Type: object (required)

Description: Configures data loading, spatial filtering, and temporal filtering.

Required Fields

source_file

Type: string (required)

Path to the source CSV file containing BSM data.

"source_file": "data/bsm_data.csv"
filtering

Type: object (required)

Spatial filtering configuration. See Filtering Types for details.

"filtering": {
  "type": "xy_offset_position",
  "distance_meters": 2000,
  "center_x": -106.0831353,
  "center_y": 41.5430216
}

Optional Fields

num_subsection_rows

Type: integer (optional, default: 100000)

Number of rows per Dask partition. Controls parallelism and memory usage.
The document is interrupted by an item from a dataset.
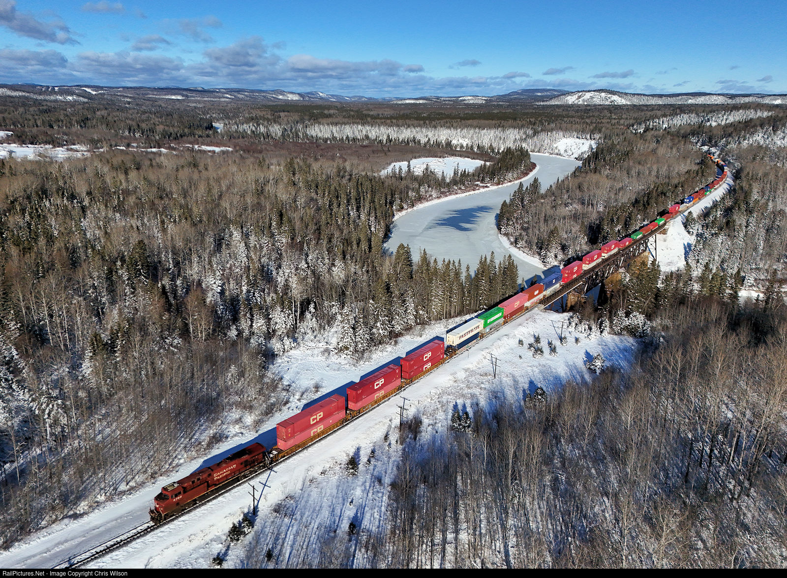 | CPKC train 119 from Montreal to Edmonton eases into Heron Bay crossing the trestle over the Pic River. CP ES44AC 8792 is teamed up with KCSM SD70ACe 4096 operating DP 1x1x0 with just 7300ft of stacks today. |

"num_subsection_rows": 100000

Tuning Guide: - Small datasets (<1M rows): 50000-100000 - Medium datasets (1-10M rows): 100000-500000 - Large datasets (>10M rows): 500000-1000000 - 64GB RAM systems: Max 1000000 (6 workers × 8GB each)

date_range

Type: object (optional)

Temporal filtering to restrict data to specific date ranges.

"date_range": {
  "start_day": 1,
  "end_day": 30,
  "start_month": 4,
  "end_month": 4,
  "start_year": 2021,
  "end_year": 2021
}

All fields required if date_range is specified: - start_day, end_day: Day of month (1-31) - start_month, end_month: Month (1-12) - start_year, end_year: Year (2000-2099)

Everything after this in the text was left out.